Он вскочил на лошадь и, взмахнув рукой, понесся стрелой.
Несмотря на уверенность в том, что за приглашением Жана кроется нечто большее, чем просто креольская вежливость, Хью был доволен. Загородный дом Дюпре и его окрестности были просто восхитительны. Лизетт относилась к нему тепло и с искренним гостеприимством. Пикировка с Микаэлой доставляла ему истинное наслаждение. Он уже не сопротивлялся обаянию этой девушки и чувствовал, что и ею руководит не только желание уколоть его. Даже Жан и Франсуа, к его великому удивлению, вели себя с ним чуть ли не как лучшие друзья, старающиеся сгладить последствия случайной ссоры. Что касается остальных, то его статус гостя Дюпре, а еще в большей степени безукоризненный французский растопили лед недоверия, и они искренне веселились в компании Хью.
Не чувствовали себя здесь скованно и Саммерфилды. Хоть их французский был и не столь безупречен, как у Хью, за шесть месяцев в Новом Орлеане они значительно продвинулись в постижении тонкостей этого языка. К тому же на отношении к этой семье не могло не сказаться положение ее главы. Креолам могло не нравиться, что их, не спросясь, присоединили к Соединенным Штатам, но они были не столь глупы, чтобы без особых на то причин портить отношения с сотрудником аппарата американского губернатора.
В среду Хью с удовольствием принял участие в лодочной прогулке, с неподдельным интересом наблюдал он и за процессом изготовления сахара во время экскурсии на плантацию сахарного тростника. Целиком расслабиться мешали только мысли о Жане. Хью не сомневался, что за приглашением и любезностью дяди Микаэлы скрывается какая-то цель. Только вот какая? Неопределенность раздражала все сильнее, и настроение его с каждым часом ухудшалось. Наконец в четверг днем, когда гости отдыхали или готовились к вечеру в своих комнатах, Жан сказал, что хотел бы поговорить с ним в спокойной обстановке, Хью вежливо согласился, и они прошли в кабинет, расположенный в небольшом строении рядом с главным домом.

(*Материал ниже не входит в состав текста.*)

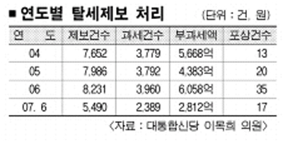 국세청은 이같은 제보를 근거로 지난 4년간 1만 3920건에 대해 과세했다. 그 결과 국세청이 추징한 액수는 2004년 5668억원을 시작으로 2005년 4383억원,2006년 6058억원,2007년 6월 현재 2812억원 등 모두 1조 8921억원에 달한다.
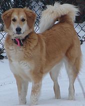A heavy winter coat with countershading in a mixed-breed dog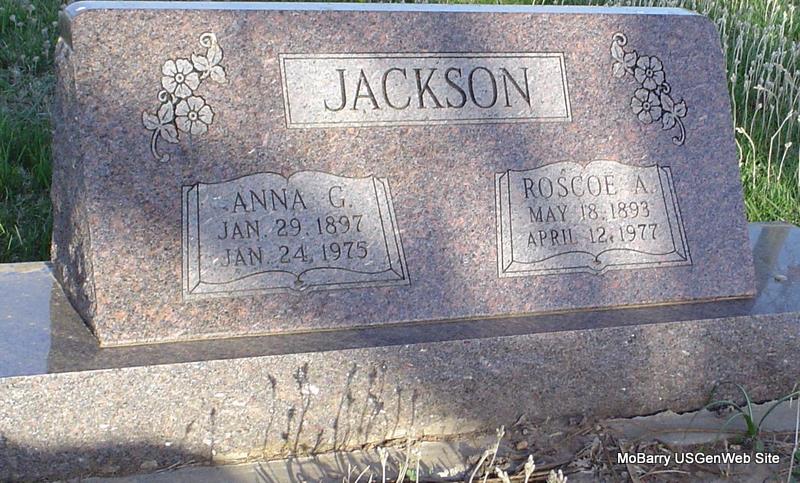 | JACKSON, Roscoe A. | May 18, 1893 | Apr. 12, 1977 | SSW: Anna G. - Research Note: Son of William Allen Jackson and Eva May Stribling. - July 4, 1912, Thursday, Cassville Republican - R. A. Jackson of Kings Prairie township was badly shocked by a bolt of lighting Thursday afternoon of last week while plowing corn on his farm. One of the horses that he was driving was killed and the other was badly shocked. - Cassville Republican, Thursday, May 1, 1919 - Kings Prairie: Roscoe Jackson has been plowing corn. - Cassville Republican, Nov. 9, 1939 - Mr. and Mrs. Norman Jackson visited his parents, Mr. and Mrs. Roscoe Jackson and children Sunday. - Same paper: The chili supper at Roscoe Jackson's Tuesday night was a decided success. - Same Paper: Mr. and Mrs. Delbert Hilton and Roscoe Jackson visited their sister, Mrs. Frank Epperly at Hardin, Okla., last week. | Online Newspapers Census Phyllis Long Photo Donna Cooper |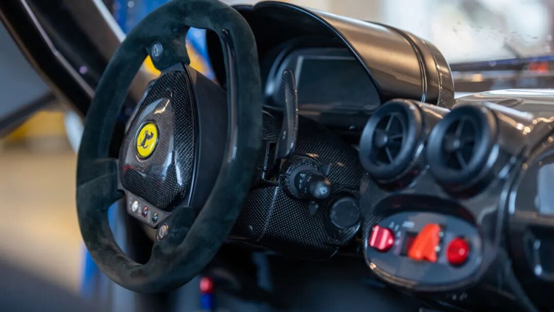 悬架搭载SCM磁流变减振器,并通过中控台上的“Manettino”旋钮提供九档可调牵引力控制。座舱布置极简,配备防滚架与碳纤维仪表台,但仍保留空调,确保客户在激烈驾驶的同时也能享受过程。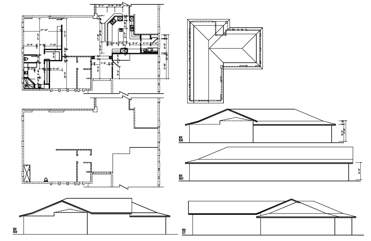 House Project AutoCAD Drawing; the house layout plan with dimension detail, roof plan, and all side elevation design in AutoCAD format. download DWG file and use this CAD drawing for the reference plan.
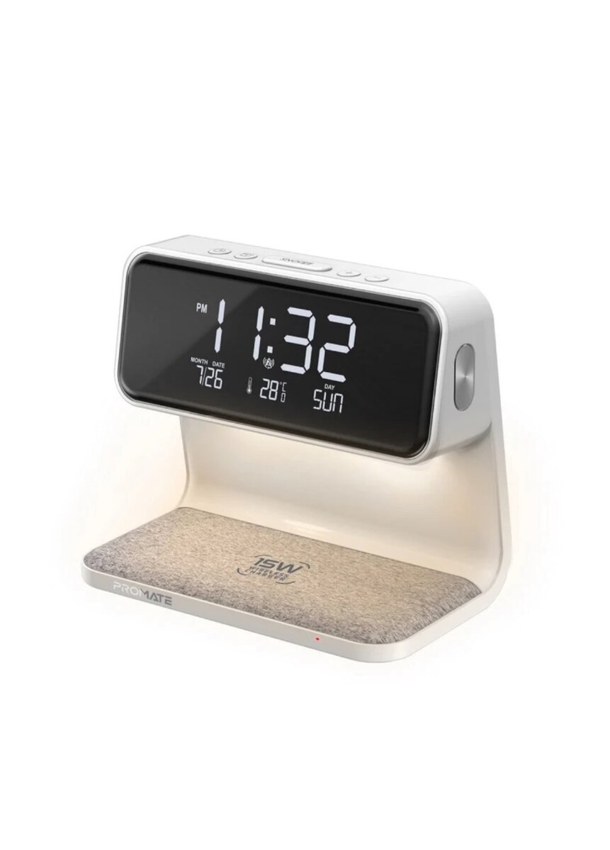 Lumix-15W combines convenience, elegance, and technology, featuring a 15W wireless charger and an alarm clock with an LED night light. Basic and easy to use, Lumix-15W digital clock supports 12-hour and 24-hour time clock displays along with time, date, and temperature displays. The LED night lamp with 3 modes lets you create the best soothing and relaxing ambiance. The elegant and sleek design adds a touch of style to your bedside table and the anti-slip wireless charging pad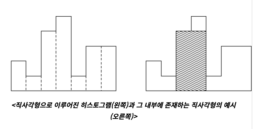 아래에서 보는 그림처럼 서로 폭이 모두 같은 직사각형들이 서로 밀착하여 바닥에 붙어있는 모양을 상상해보자. 이 도형의 내부를 2차원적으로 생각해 보았을 때, 이 히스토그램의 바닥면과 옆면의 방향에 평행한 변을 가지는 직사각형이 존재할 수 있다.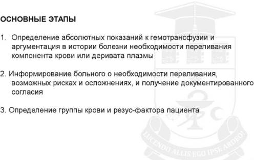 Этапы гемотрансфузии

— Полагаю, — начал Жан сразу же, как только они сели в кресла, — вы понимаете, что я не случайно пригласил вас сюда? Хью коротко кивнул.
— Полагаю также, — натянуто улыбнулся хозяин кабинета, — что у вас было достаточно времени обдумать сделанное нами в прошлом месяце предложение. Первая реакция, как мне кажется, была вызвана.., э.., некоторой неожиданностью. — Лицо Жана приняло выражение ангельской невинности. — Ну а здесь в спокойной и приятной обстановке мы сможем обсудить все как следует.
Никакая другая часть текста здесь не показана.